The Stars in Our Mind: Astrocytes and Brain Health

Karen Müller Smith, Ph.D.
Assistant Professor
Department of Biology
Ray P. Authement College of the Sciences

Astrocytes are star shaped support cells of the brain that have a multitude of functions including recycling of neurotransmitters, energy balance within the brain, water and ion balance in the brain, formation and regulation of the blood brain barrier, response to injury, stem cell proliferation, and secretion of factors that promote synapse development and health of the neurons in the brain. Astrocytic glial cells are also important for the development of the nervous system as stem cells, and as guideposts for neuronal axon guidance. Fibroblast Growth Factors (FGFs) and their receptors (FGFRs) are expressed by astrocytes of various morphologies and functions throughout the nervous system. The inactivation of FGFRs in laboratory mice leads to astrocyte dysfunction in neural development, reduced astroglial stem cell proliferation, abnormal GABAergic interneuron development, and disrupted morphology of specialized astrocyte cell types. These disruptions have influences on both behavior and motor coordination, and have implications for disorders such as schizophrenia, depression, and ADHD. We seek to understand the underlying mechanisms for FGFR mediated astrocytic functions. Amongst our projects are studies of the interaction between astrocytes and GABAergic neurons in a co-culture model, studying the behavior of mice lacking FGFRs, studying the role of FGFRs in tanycytes (a specialized type of astrocyte found in the hypothalamus, an area of the brain that is important for hormonal regulation and homeostasis), and studying the role of FGFRs in Bergmann glia of the cerebellum.

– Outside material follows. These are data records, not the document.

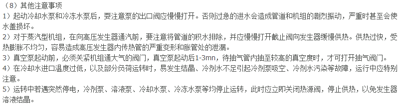 在機組運行中應(yīng)對發(fā)生器、吸收器及蒸發(fā)器的液位勤加觀察,即使是全自動控制的機組,也應(yīng)如此。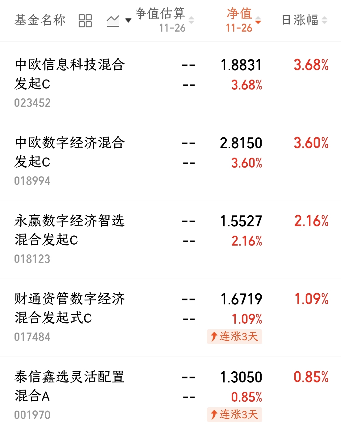 $财通资管数字经济混合发起式C(OTCFUND|017484)$今日上涨1.09%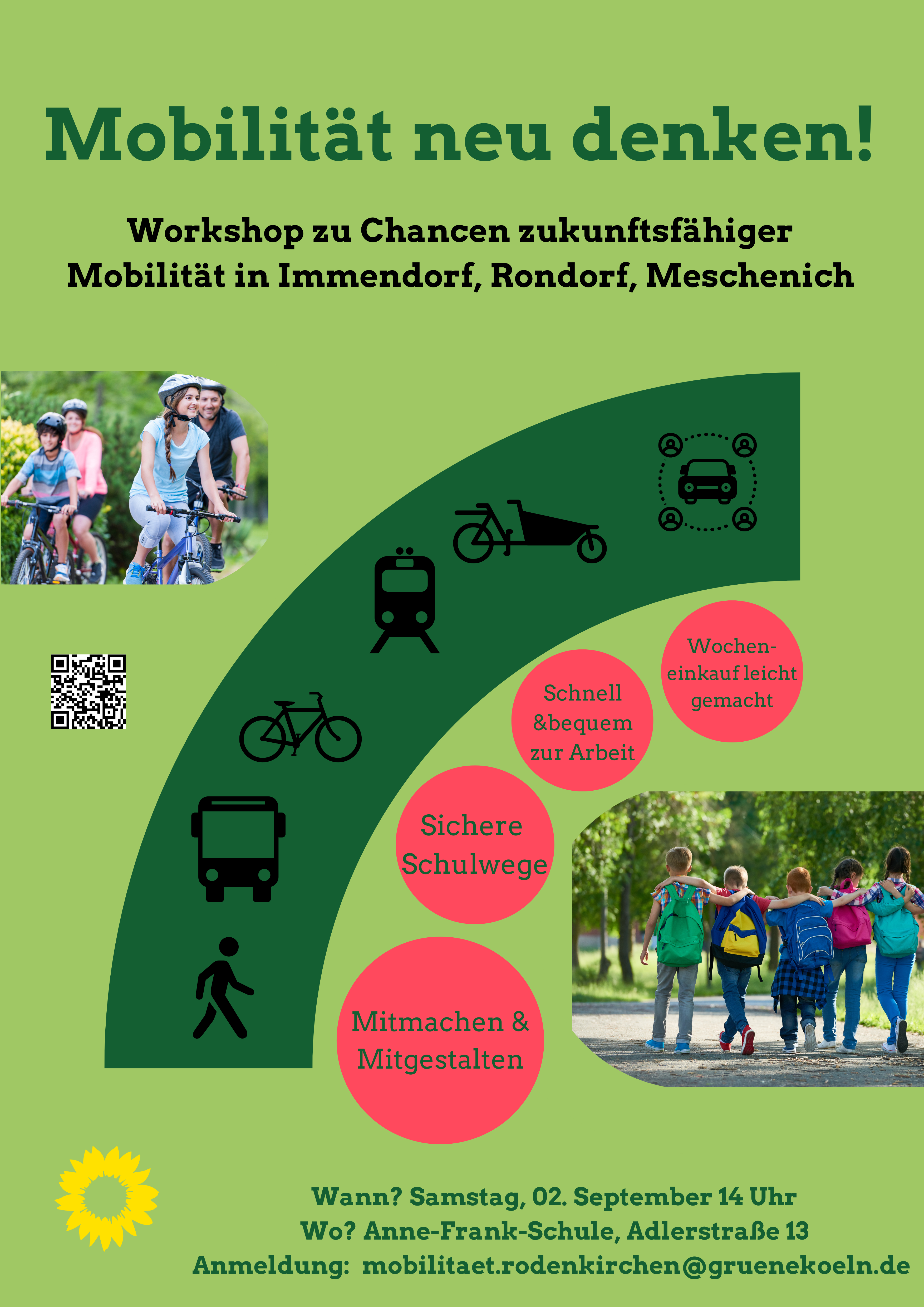 Am Samstag, 2. September gibt es den Workshop "Mobilität neu denken" für Immendorf, Meschenich und Rondorf, wo Bürger:innen Vorschläge zur Verbesserung der Infrastruktur jenseits des Autos einbringen können: 14:00 Uhr Grundschule Rondorf, Adlerstraße.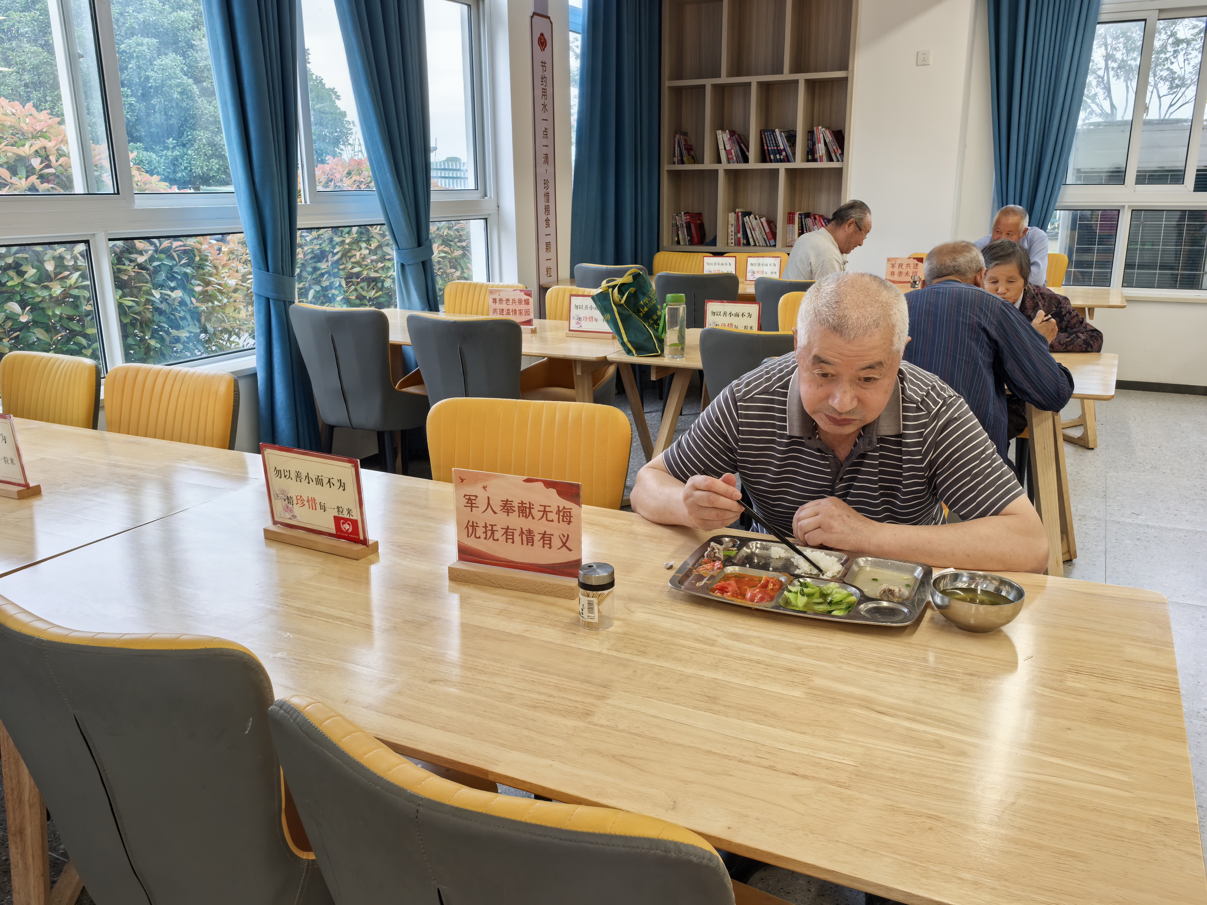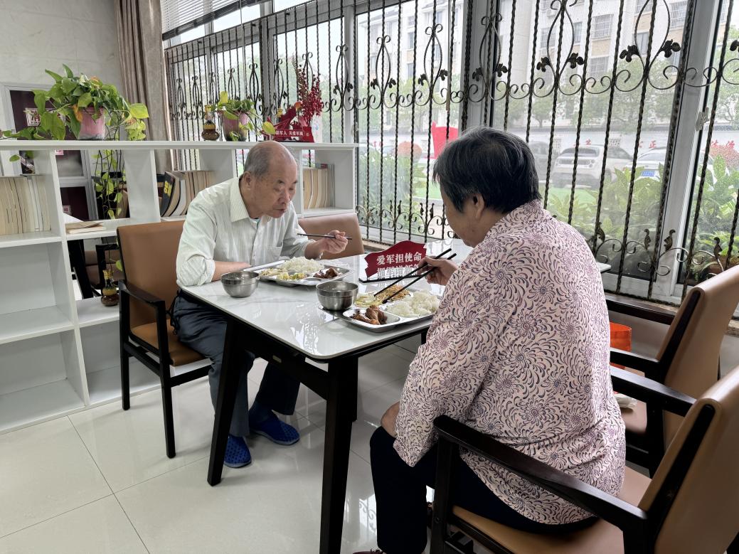 “我这辈子和食堂结下了不解之缘,当兵的时候,在部队食堂用餐;工作的时候,在单位食堂用餐;没想到,退休后,还可以在社区食堂用餐。”在镇中社区退役军人康养服务站,退役老兵陈老伯说起他的食堂用餐经历,不禁开起了玩笑。“这个社区里开设了餐厅服务,确实解决了我们老年人的就餐问题,同时,有了这个拥军优惠政策,我作为一名退役军人,感到有一种归属感,希望政府支持好这个政策,要一直坚持下去。”走进“老兵食堂”,除了舒适的就餐环境,还有触手可及的双拥氛围,餐桌上的拥军座牌、夏天纳凉的拥军小扇等。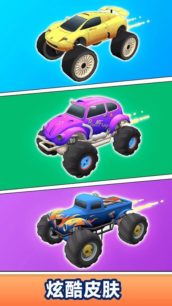 2、驾驶威猛的怪物卡车去碾压小汽车与各类障碍物,尽情体验破坏带来的畅快感受。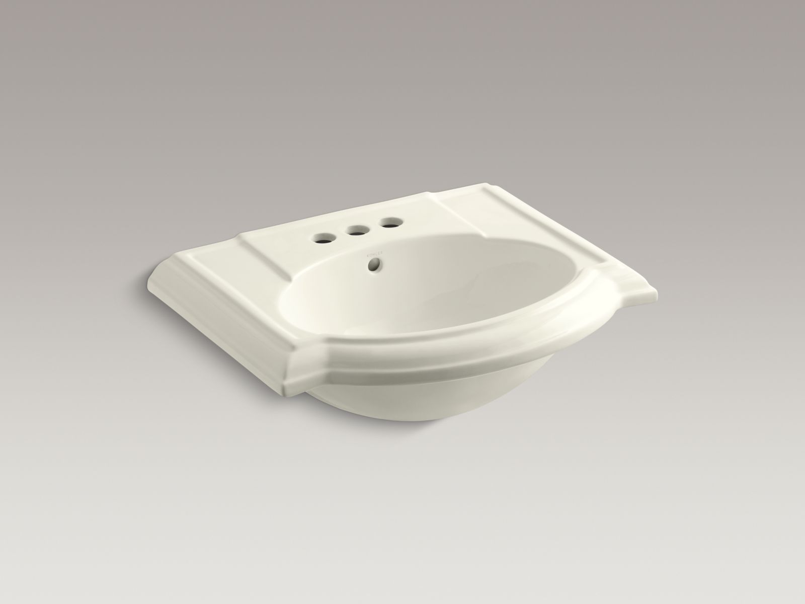 KOHLER K-2287-4-96 DEVONSHIRE 24 INCH PEDESTAL BATHROOM SINK WITH 3 HOLES DRILLED AND OVERFLOW, BISCUIT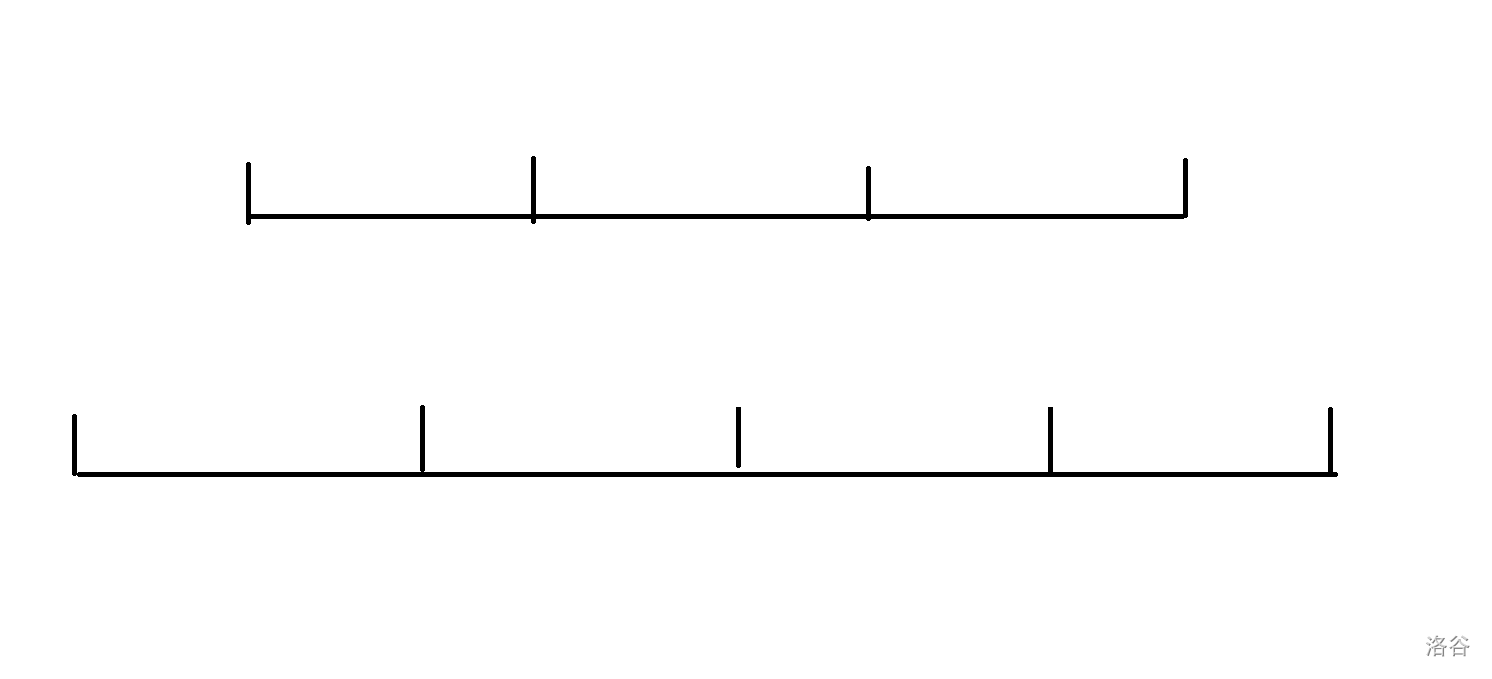 其次我们考虑每一个 \(R\) 段,我们可以先把 \(n=3,4\) 的情况画下来,\(n\) 是开头这个段的长度:
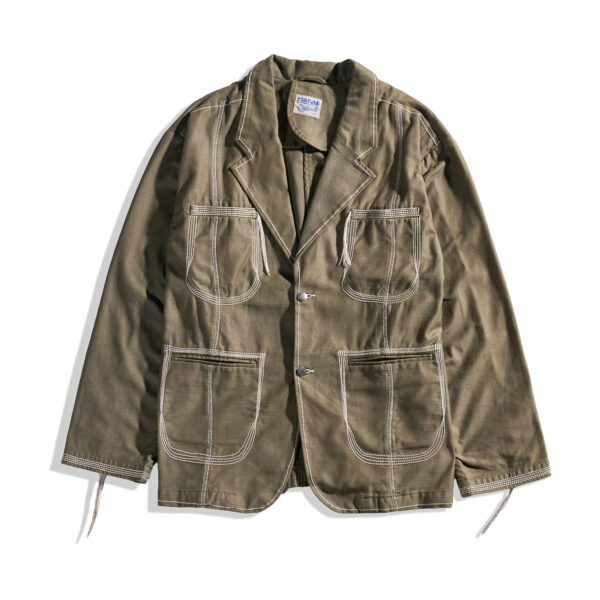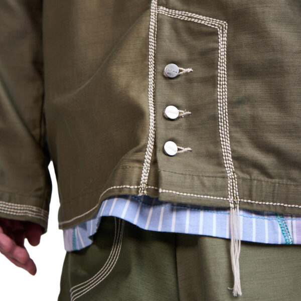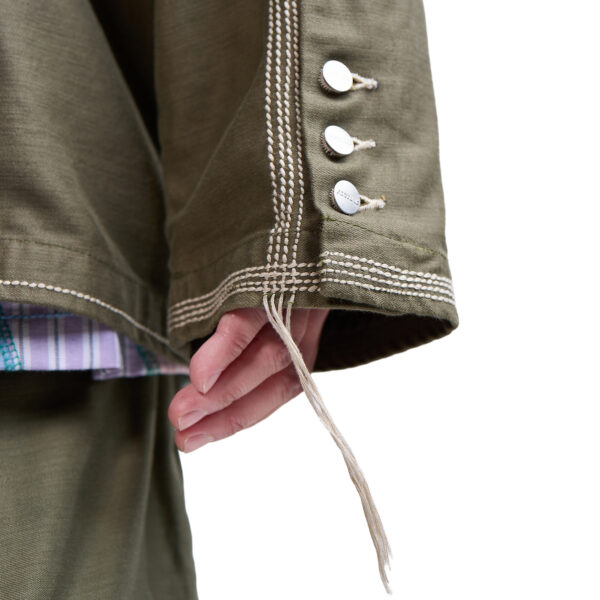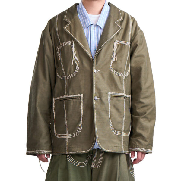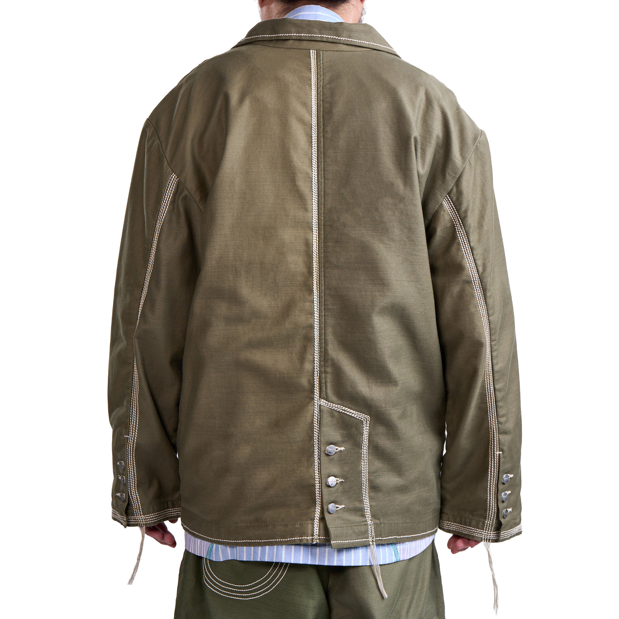 Wide lapel, two-button unlined blazer in Olive cotton back satin. Signature Rope Stitch detailing across pockets and other key points in Theta Wave pattern, with runoff left intact and stitched down into fringing for additional visual interest. All internal seams are piped, with visible overlocking on the face. Four welt pockets provide storage options. Three functioning buttons at cuffs and back vent. Custom YKK metal shank hardware. Finished with contrast stitching.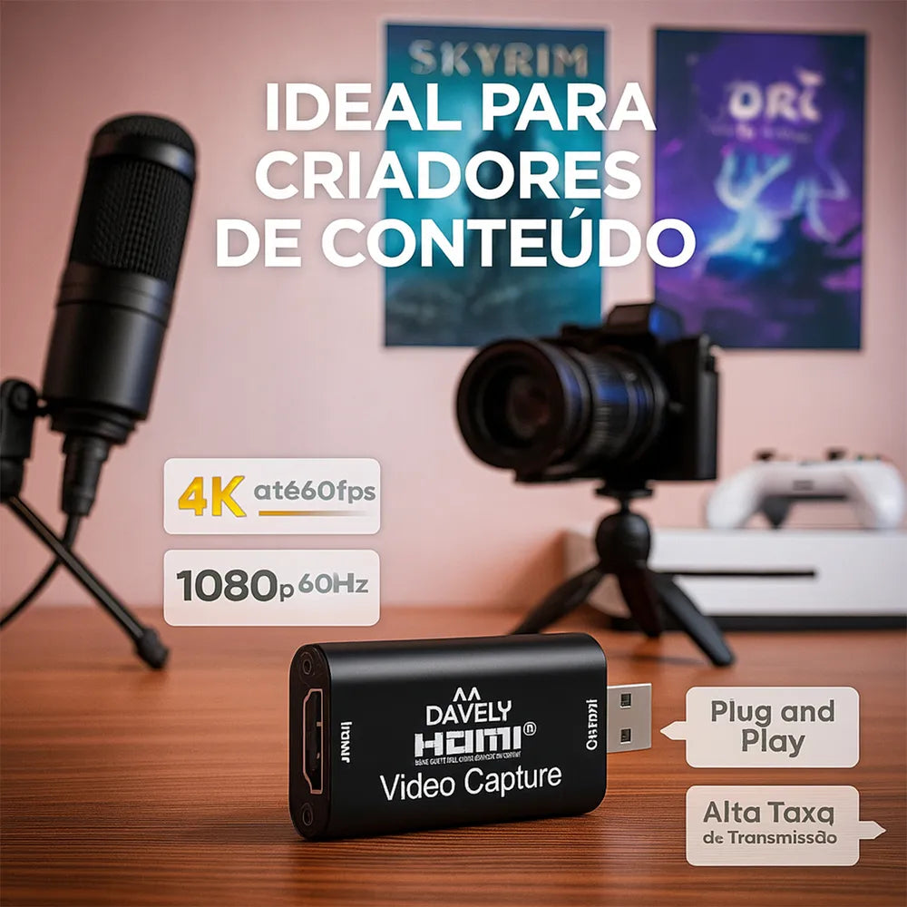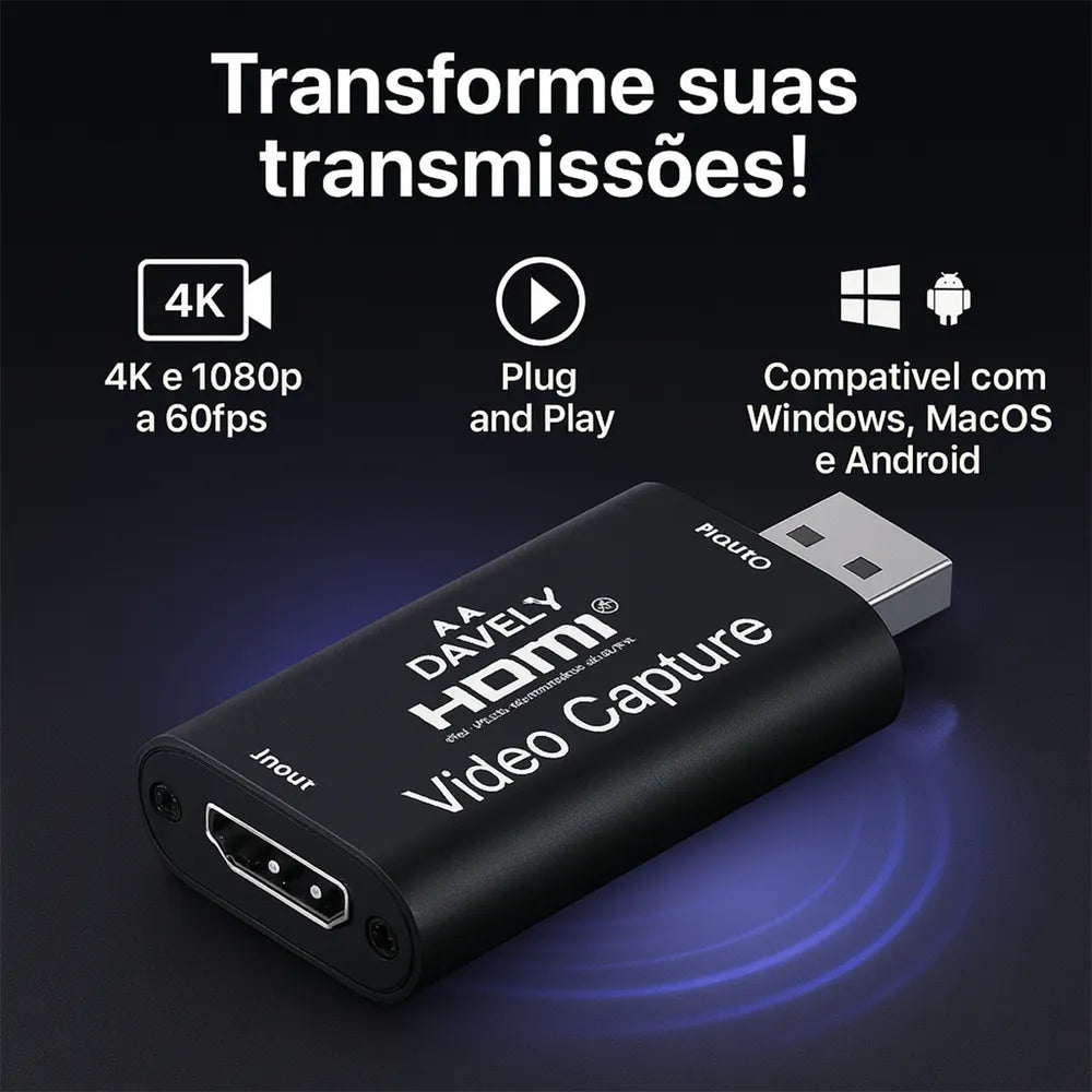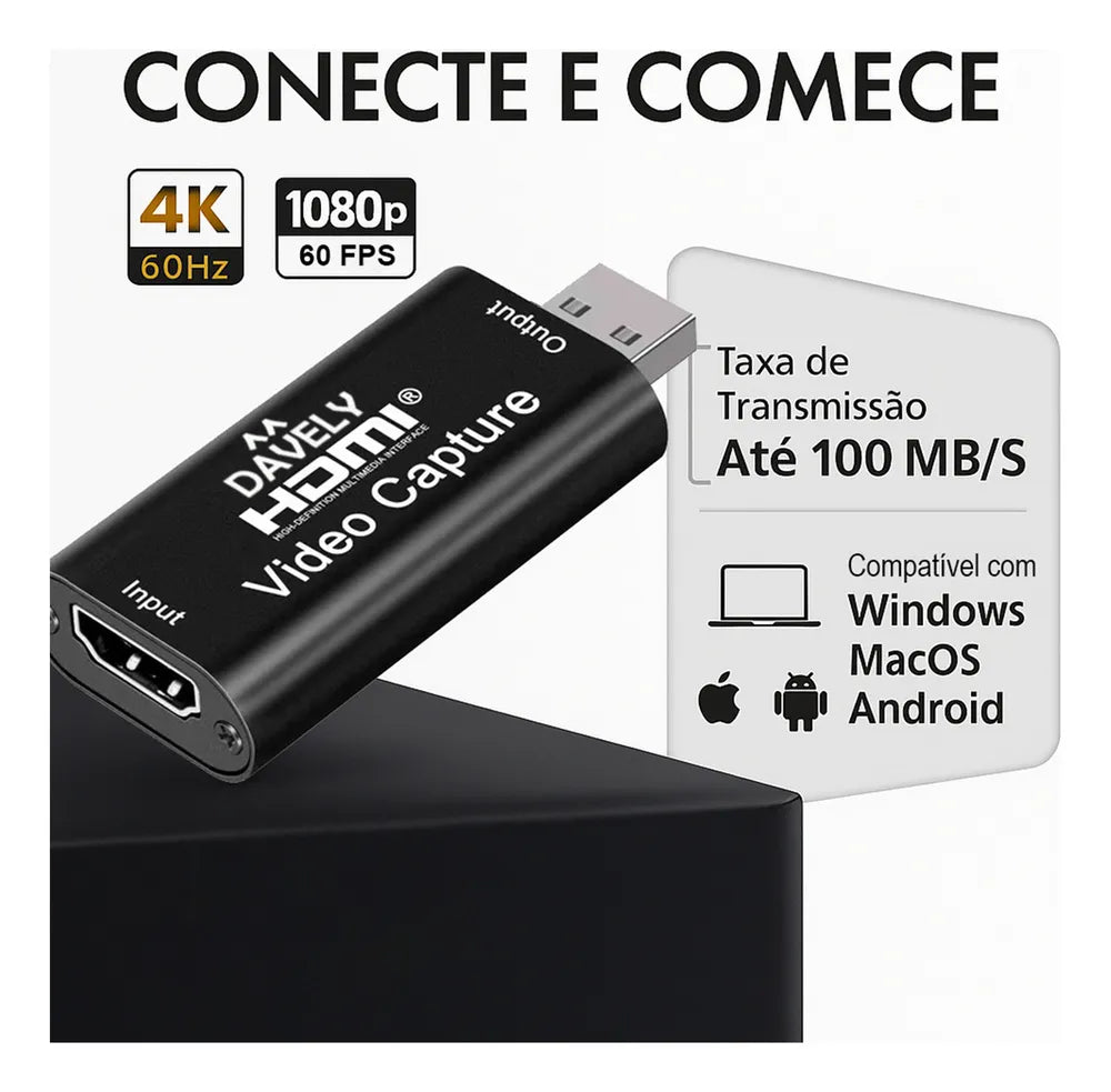 Placa De Captura HDMI USB 3.0 Davely 4K 1080p 60fps Para Streaming Gravação Gamer Plug And Play

HIV and the Brain in the Era of HAART

Francois Villinger, Ph.D., DVM
Director, New Iberia Research Center
University of Louisiana at Lafayette

Untreated HIV infection often leads to late stage CNS inflammation at the AIDS stage culminating in HIV encephalitis and opportunistic infection of the CNS. The advent of combined highly active antiretroviral therapy (HAART) has virtually eliminated HIV-E in developed countries. However, HAART does not eradicate HIV, nor does it fully contain the chronic inflammation caused by HIV infection resulting in accelerated aging. For the CNS, this low grade chronic activation results in a syndrome called HIV associated neurocognitive disorders (HAND), associated with signs of local infiltration of activated macrophages and monocytes and activated microglia and early loss of dendritic processes and neuronal cells. These histological findings are associated with a whole spectrum of early to advanced impairment of neurocognitive functions leading to AIDS dementia, a looming threat for the 1.4 million patients currently infected with HIV in the US. Specific issues of HAND are the difficulties for several classes of antiretroviral drugs to cross the blood brain barrier, the containment of antiviral defenses and the limited tolerance of the CNS for inflammatory processes. While there were only few partially validated models for the study of HIV-encephalitis, the insidious and slowly progressive nature of HAND has been a far bigger challenge to study, in order to define biomarkers, profiles of neurocognitive tests and potential therapies.